Ship Misdescription in Charterparty
The description of a ship in a charterparty is not a casual commercial statement. In ship chartering, the ship’s stated details usually form part of the contractual basis on which the charterer decides whether the ship is suitable for the employment. Details such as deadweight, draft, bale and grain capacity, speed, bunker consumption, class, flag, gear, holds, hatch dimensions, cranes, tank coatings, heating coils, pumps, age, and special equipment can directly affect cargo intake, voyage performance, port suitability, laytime exposure, freight earnings, and the commercial value of the fixture.As a general rule, if the ship does not correspond with the description given in the charterparty, the charterer may have a claim against the shipowner for breach of contract. If the incorrect description caused loss, the charterer may recover damages flowing from the misdescription. Where the description also induced the charterer to enter into the charterparty, the charterer may attempt to advance a separate claim for misrepresentation, although such claims depend heavily on the precise wording used during negotiations and on whether the charterer can prove reliance.
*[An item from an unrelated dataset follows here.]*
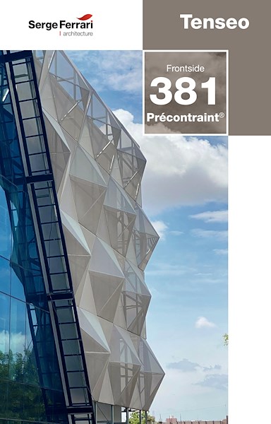 Voor de buitenkant van het kantoorgebouw koos JFS Architectes voor een metaalvezeloplossing die de structuur omhult. In totaal is bijna 1.300 m² Tenseo Frontside 381 membraan van de Serge Ferrari Group gebruikt om het nieuwe gebouw aan te kleden. Een combinatie van drie kleuren - kersenzwart, zilver metaal en gehamerd metaal - creëert een gradiënt afwerking, waardoor de gevel tot leven komt.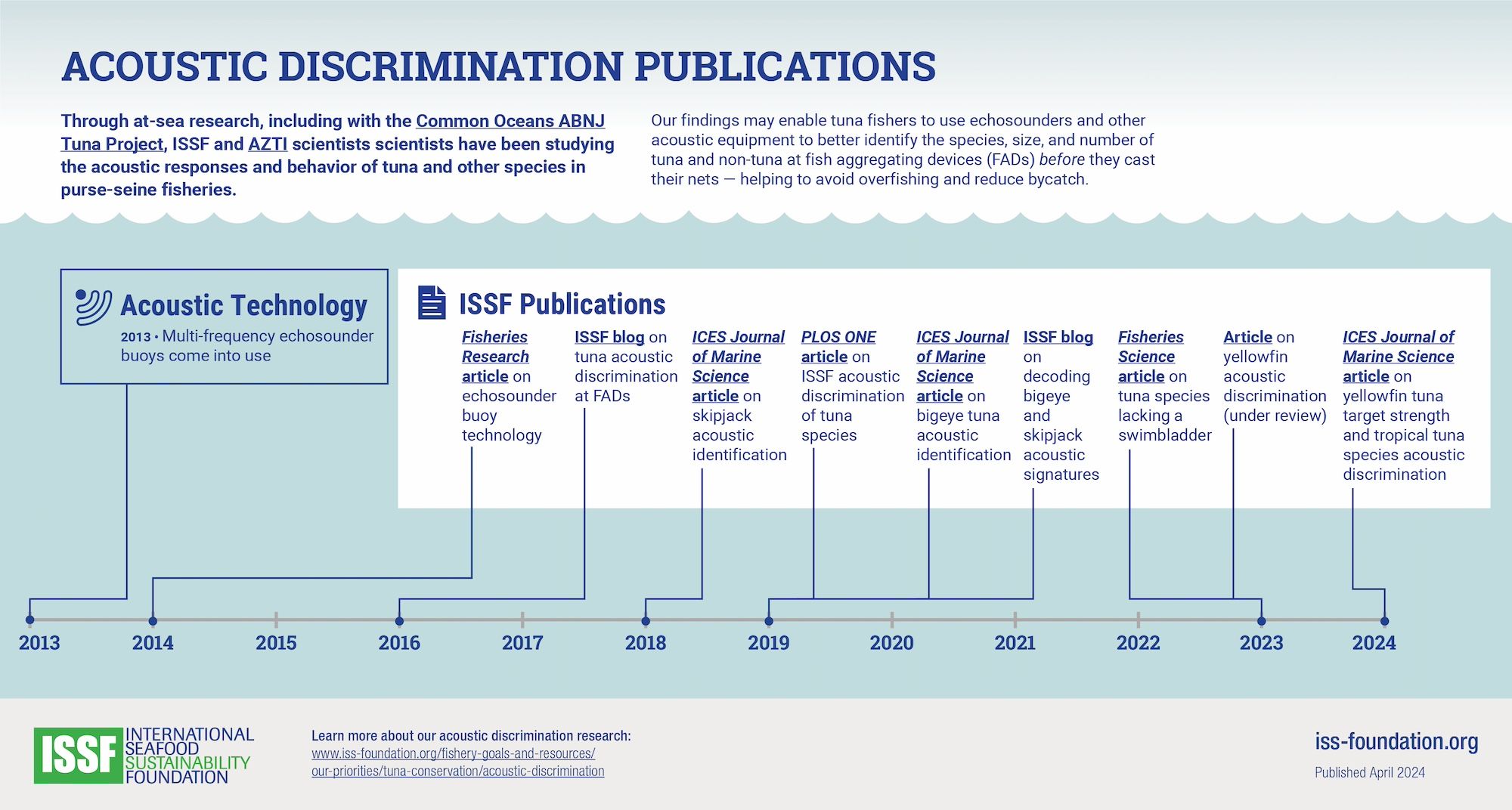 ISSF publications as well as journal articles on acoustic discrimination research are summarized on this infographic, created in April 2024.

Ship misdescription is therefore a serious chartering issue. A small error may lead only to a claim for damages. A substantial error, particularly one affecting the commercial purpose of the charter, may give rise to more serious remedies. Whether the charterer may refuse delivery, cancel, terminate, rescind, deduct hire, claim damages, or merely claim compensation depends on the nature of the term, the seriousness of the difference, the causal link between the error and the loss, and the conduct of the parties after the discrepancy becomes known.
What is Ship Misdescription in Charterparty?
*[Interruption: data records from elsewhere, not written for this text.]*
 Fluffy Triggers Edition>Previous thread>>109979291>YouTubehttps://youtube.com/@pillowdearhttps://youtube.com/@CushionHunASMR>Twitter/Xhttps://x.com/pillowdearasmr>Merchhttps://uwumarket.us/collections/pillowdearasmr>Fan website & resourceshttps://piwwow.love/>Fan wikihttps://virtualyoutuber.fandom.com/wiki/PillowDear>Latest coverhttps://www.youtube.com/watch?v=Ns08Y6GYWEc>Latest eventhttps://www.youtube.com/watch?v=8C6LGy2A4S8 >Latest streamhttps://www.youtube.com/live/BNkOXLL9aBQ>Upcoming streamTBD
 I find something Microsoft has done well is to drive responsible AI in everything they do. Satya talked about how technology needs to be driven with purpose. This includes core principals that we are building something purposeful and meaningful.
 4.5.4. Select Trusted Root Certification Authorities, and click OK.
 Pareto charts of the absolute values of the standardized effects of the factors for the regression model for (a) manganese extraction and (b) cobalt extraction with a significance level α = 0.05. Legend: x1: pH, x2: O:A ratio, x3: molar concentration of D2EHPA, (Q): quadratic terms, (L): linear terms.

Ship misdescription in charterparty occurs when the ship described in the fixture or charterparty is materially different from the ship actually delivered or performed. The misdescription may concern the ship’s physical characteristics, carrying capacity, operating capability, regulatory status, or commercial suitability for the contemplated employment.In dry bulk chartering, common misdescription issues include inaccurate grain capacity, overstated deadweight, incorrect draft, unsuitable hatch dimensions, insufficient gear capacity, wrong hold or hatch details, overstated speed, understated bunker consumption, incorrect class information, or a description suggesting that the ship can safely load or discharge cargo at a port where the ship is not in fact suitable.
In tanker chartering, misdescription may concern pump capacity, tank coating, heating capability, segregation, last cargoes, vapour control equipment, inert gas systems, SIRE or vetting status, or speed and consumption warranties. In container or liner-related employment, schedule reliability and speed capability may be commercially critical because the ship must maintain a fixed service pattern.
The practical question is not merely whether an error exists. The important question is whether the wrong description affected the bargain and caused a provable loss. A charterer must usually show that the description was part of the contract or amounted to an actionable representation, that it was inaccurate, and that the inaccuracy caused loss or justified the remedy being claimed.
Ship Description as a Contractual Term
Most ship descriptions in charterparties are treated as contractual terms rather than informal statements. Once incorporated into the charterparty, the description becomes part of the shipowner’s contractual undertaking. If the ship is described as having a certain capacity, speed, draft, gear, class, flag, or equipment, the shipowner may be liable if the ship does not match that description.The legal effect of a misdescription depends on how the term is classified. Some descriptive terms may be conditions, meaning that breach can entitle the charterer to terminate the charterparty. Others may be warranties, where the remedy is damages only. Many modern charterparty terms are treated as intermediate or innominate terms, where the available remedy depends on the seriousness of the consequences. A minor variation may not justify termination, while a substantial failure that deprives the charterer of the commercial benefit of the charter may have more serious consequences.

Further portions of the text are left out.